Life After Leadership: Building a Foundation to Step Down

Building a future vision, providing mentorship and trusting in colleagues are a few ways to ease this inevitable transition


Omary
Wendy Wai Man Lam, MBBS, FRCR
Lam
Garry Gold, MD, MS
Gold

This is the third article in a three-part series about the experiences of radiologists in leadership. Read the first and second articles in the series.

For radiologists in leadership positions, a critical step is letting go—trusting the teams they’ve built and the legacy they’ve bestowed.

“There’s a point where we as radiologists will have more impact, and benefit radiology more, by stepping out than by staying in,” said Reed Omary, MD, MS, a tenured professor of radiology and biomedical engineering at Vanderbilt University School of Medicine in Nashville, TN.

For more than a decade, Dr.

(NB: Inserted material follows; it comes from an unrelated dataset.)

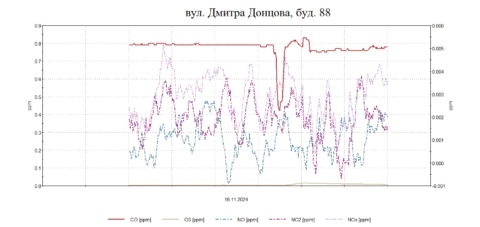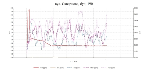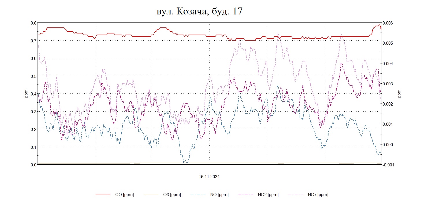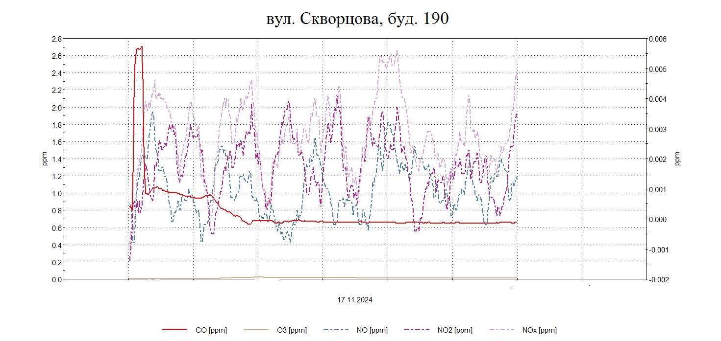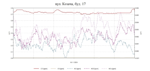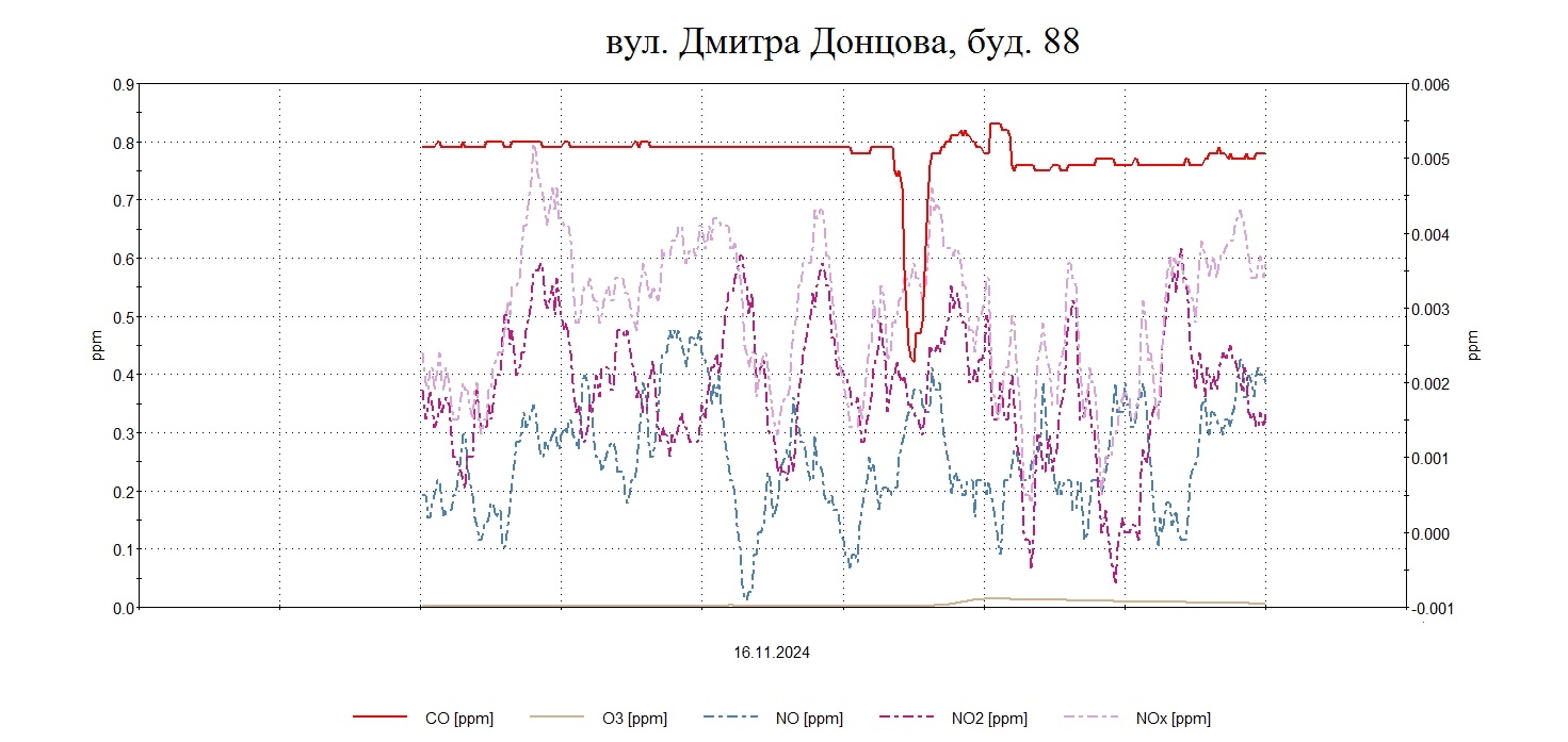 Протягом дня були проведені планові моніторингові дослідження атмосферного повітря на території житлової забудови по північно-західному, південному напрямку факелу викидів в точках по вул. Козача,17, Д.Донцова,2, Скворцова,190, Військбуд,89 з визначенням максимально-разових концентрацій оксиду вуглецю, азоту оксиду, азоту діоксиду , озону, пилу недиференційованого за складом, сірководню .

Omary served as Vanderbilt University Medical Center (VUMC)’s chair of radiology. In 2023 he took a sabbatical to explore a more (literally) global undertaking—examining sustainability in medicine and strategies to benefit patients, communities and the planet.

“I approached the process as a researcher does,” Dr. Omary said. “As scientists, if we want to study something, we collect data. And to do that we have to be good listeners.”

He interviewed hundreds of people from across the world, from CEOs to chefs, poets to politicians, and students to scientists, chronicling his experiences and observations on The Green Leap, an ever-growing platform of blog entries, videos and podcasts exploring health care systems’ impact on the environment.

What he learned helped lay the groundwork for Greenwell Project, a nonprofit with a mission to design sustainable medicine with patients at the center.

Meanwhile, at Vanderbilt, Dr. Omary was confident that he’d fostered an environment where upcoming leaders can thrive. As department chair, he established a $2 million endowment specifically for leadership development. He founded VUMC’s Medical Innovators Development Program, which trains candidates through a four-year curriculum centered on empathetic innovation. 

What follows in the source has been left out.